(YOUR ASSIGNMENT): Your answer must be the full listing below, restated word for word, with no pictures in it.

(RECORDS SUPPLIED):
[Start of Attachment]

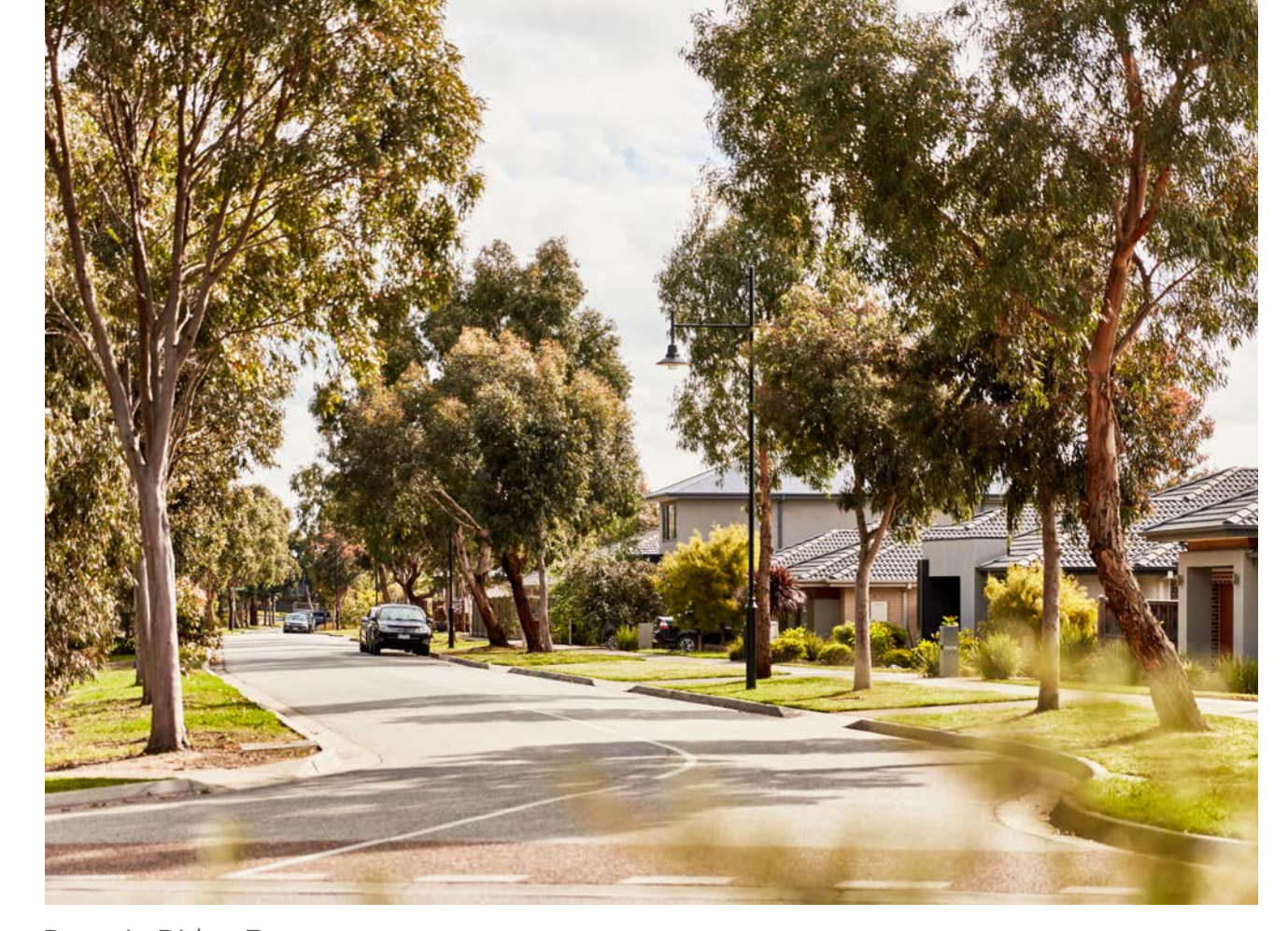
Botanic Ridge Estate

Begin the day walking or cycling along scenic neighbourhood trails or explore your very own natural wetlands. Stroll down to one of the many cafés nearby for a scrumptious breakfast and speciality coffee. Meet up with neighbours for a picnic at Botanic Ridge Central Park or lunch at one of the local dining venues.
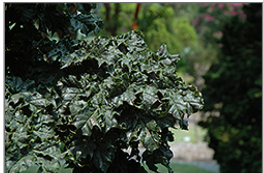
Stand Fast Norway Maple foliage
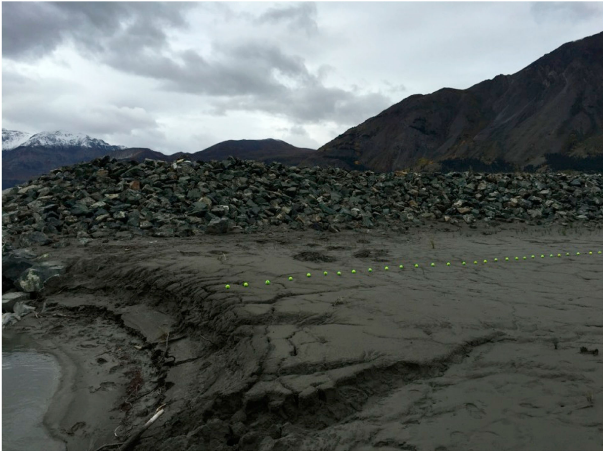
Figure 7. 'Termination/subordination' – Slims River bank. This art installation points toward the former Slims River edge. Art image © 2016 K.A. Colorado.

yellow-green color of each ball arranged in sequence was an artistic device intended to amplify the surrounding earth features observed and quantified in our geomorphological study.
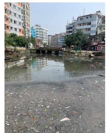
Fact-finding mission to Mohammadpur, Dhaka City
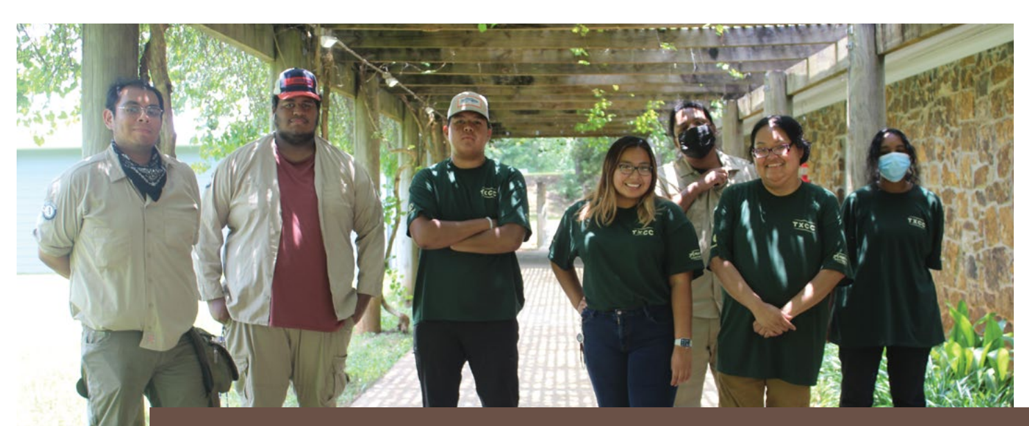
A Texas Conservation Corps crew completed natural resource projects on the Angelina and Sabine National Forests. The crew, which included members of the Alabama-Coushatta Tribe of Texas, focused on needs of both the local forests and Tribes; their work included recreation infrastructure maintenance, forest management, and wildlife habitat monitoring. The group also spent time with Forest Service partners to coordinate management projects.

5 This Action Plan is additionally responsive to, and builds on, the 2012 Report to the Secretary of Agriculture on USDA Policy and Procedures Review and Recommendations for Indian Sacred Sites, the Forest Service Research and Development Tribal Engagement Roadmap, and the USDA Forest Service Tribal Relations Strategic Plan for Fiscal Years 2019-2022.
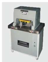
B. Three Side Trimmer
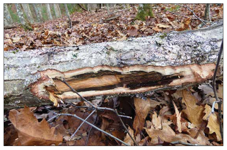
Figure 2.—Cankered region on black oak caused by Diplodia corticola infection.

[End of Attachment]

(RESULT OF THE EXERCISE):
Botanic Ridge Estate

Begin the day walking or cycling along scenic neighbourhood trails or explore your very own natural wetlands. Stroll down to one of the many cafés nearby for a scrumptious breakfast and speciality coffee. Meet up with neighbours for a picnic at Botanic Ridge Central Park or lunch at one of the local dining venues.
Stand Fast Norway Maple foliage
Figure 7. 'Termination/subordination' – Slims River bank. This art installation points toward the former Slims River edge. Art image © 2016 K.A. Colorado.

yellow-green color of each ball arranged in sequence was an artistic device intended to amplify the surrounding earth features observed and quantified in our geomorphological study.
Fact-finding mission to Mohammadpur, Dhaka City
A Texas Conservation Corps crew completed natural resource projects on the Angelina and Sabine National Forests. The crew, which included members of the Alabama-Coushatta Tribe of Texas, focused on needs of both the local forests and Tribes; their work included recreation infrastructure maintenance, forest management, and wildlife habitat monitoring. The group also spent time with Forest Service partners to coordinate management projects.

5 This Action Plan is additionally responsive to, and builds on, the 2012 Report to the Secretary of Agriculture on USDA Policy and Procedures Review and Recommendations for Indian Sacred Sites, the Forest Service Research and Development Tribal Engagement Roadmap, and the USDA Forest Service Tribal Relations Strategic Plan for Fiscal Years 2019-2022.
B. Three Side Trimmer
Figure 2.—Cankered region on black oak caused by Diplodia corticola infection.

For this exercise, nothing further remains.